Thursday, 11 December 2014

We Think the World of You

This tragicomic novel, published in 1960, is largely concerned with Evie, a German Shepherd dog, whose master, Johnny, has been sent to prison for theft. It deals with both the incarceration of Johnny and the captivity of his dog at his parents’ London home. This is reflective of the author’s experience as a prisoner of war in Switzerland during the First World War.



The author, Joe Ackerley (born 4 November 1896), received a commission as a Second Lieutenant in the 8th Battalion of the East Surrey Regiment. He went to France in June 1915. On the first day of the Battle of the Somme (1 July 1916) he was wounded both by a gunshot to the arm and by shrapnel to one side of his body. He was rescued from a shell-hole having been lying there injured for six hours. He was invalided home but soon recovered and returned to duty on the Western Front. In May 1917 he was wounded in the leg while leading an attack near Arras and was captured by German forces. He spent the remainder of the conflict as a prisoner of war, being moved from camp to camp before ending up as an internee in a resort hotel in Switzerland. During his detention he began to write the play Prisoners of War.

Ackerley was open about his homosexuality for much of his life and this novel explores the homosexual central character Frank’s love for both Johnny and Evie. The frustration that Frank experiences in his love for both Johnny and Evie is representative of the author’s own difficulty in forming loving relationships (the author had been tormented by unrequited love when a prisoner of war). Frank frequently feels estranged from Johnny and from his wife and his parents. Johnny’s father is a villian of the piece and is the one character connected by the narrative to the war in which the author fought:
“Generally a silent, ruminative sort of man, he was liable, if addressed, to respond, and would launch, in his slow, monotonous, complacent way, into reminiscenes, usually concerned with the First World War, which seemed to have neither direction, end, nor point, excepting always to exhibit himself, in a climax one had learnt to foresee... as having come off best.”

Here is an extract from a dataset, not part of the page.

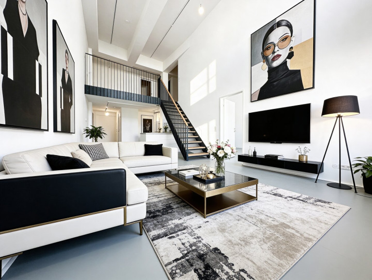 Die exklusive Erstbezugswohnung beeindruckt durch ihre außergewöhnliche Loft-Architektur mit einer Raumhöhe von ca. 4,90 Metern – ein seltenes Merkmal, das ein unvergleichlich großzügiges und offenes Wohngefühl schafft. Die lichtdurchfluteten Räume entfalten durch die hohen Decken und die elegante Galerie eine besondere Atmosphäre, die sowohl modern als auch inspirierend wirkt.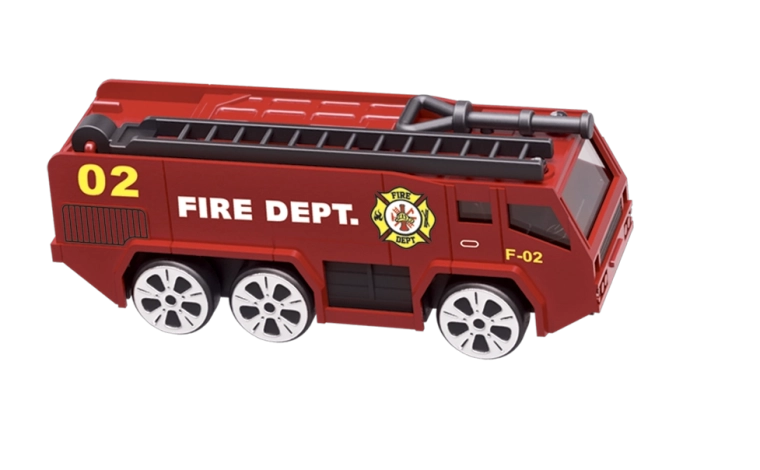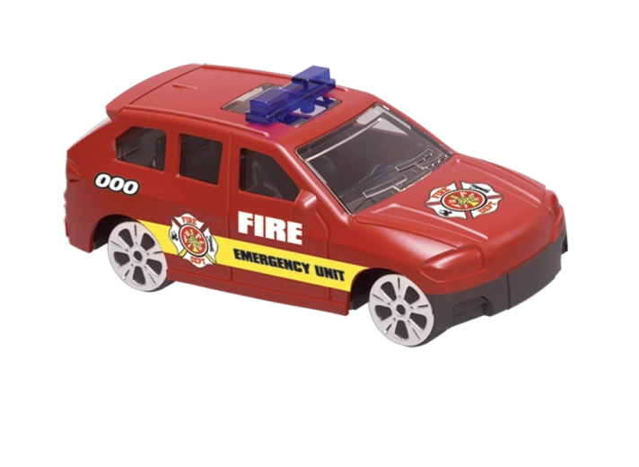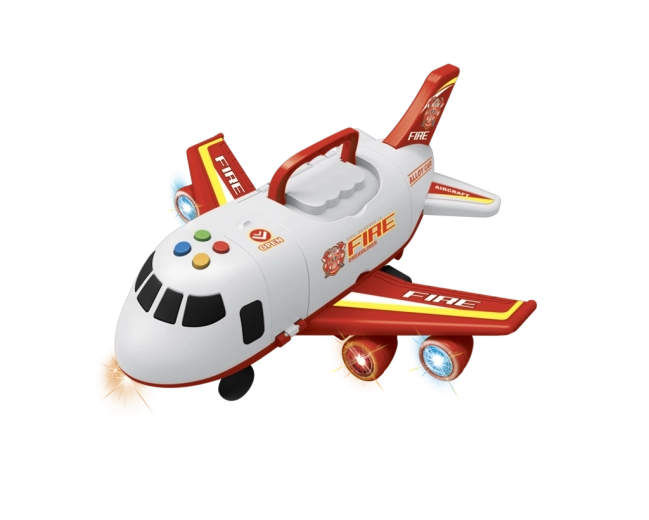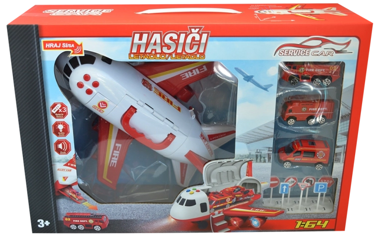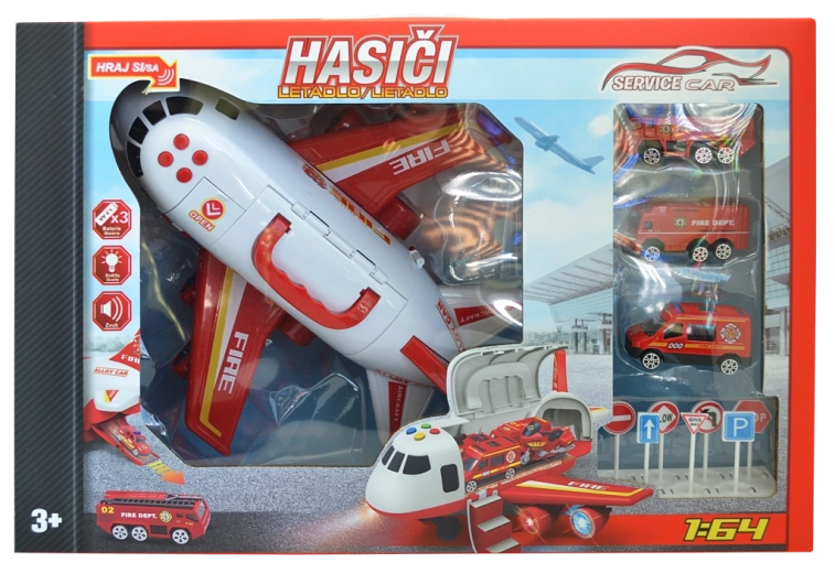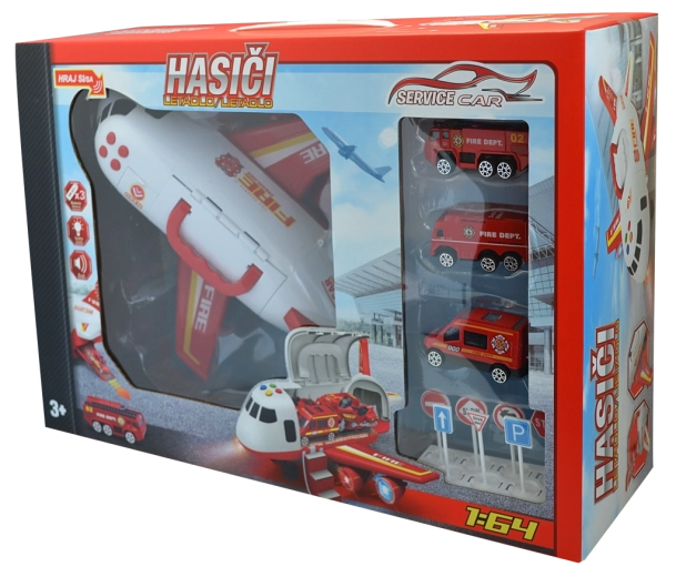 Letalo Gasilska zbirka s pripomočki (set). Dimenzije garaže po razstavitvi: 25 × 28 × 30 cm, gumbi za zvočne in svetlobne učinke, vožnja na vztrajnik. Vsebina seta: gasilsko letalo/garža 2v1 (funkcija preoblikovanja iz letala v garažo in nazaj) ter kovinski model avtomobilčka 1:64 (3 kosi).

Frank thinks of Evie in affectionate terms that are normally reserved for lovers:
“She stood before me now in the failing light of this early March evening, gazing at me intently. How pretty she was! How elegantly tailored her neat sable-gray, two-piece costume! Her sharp watchful face was framed in a delicate Elizabethan ruff, which frilled out from the lobes of her ears and covered all her throat and breast with a snowy shirt-front. She stood like a statue — no, she was too lightly poised for that; more like a dancer...”
Whereas Frank succeeds in rescuing Evie from confinement in the scullery at Johnny’s parents’ home, he ends up taking full responsibility for Evie’s care and through it is both restricted and lonely:
“Advancing age has only intensified her jealousy. I have lost all my old friends, they fear her and look at me with pity or contempt. We live entirely alone. Unless with her I can never go away.”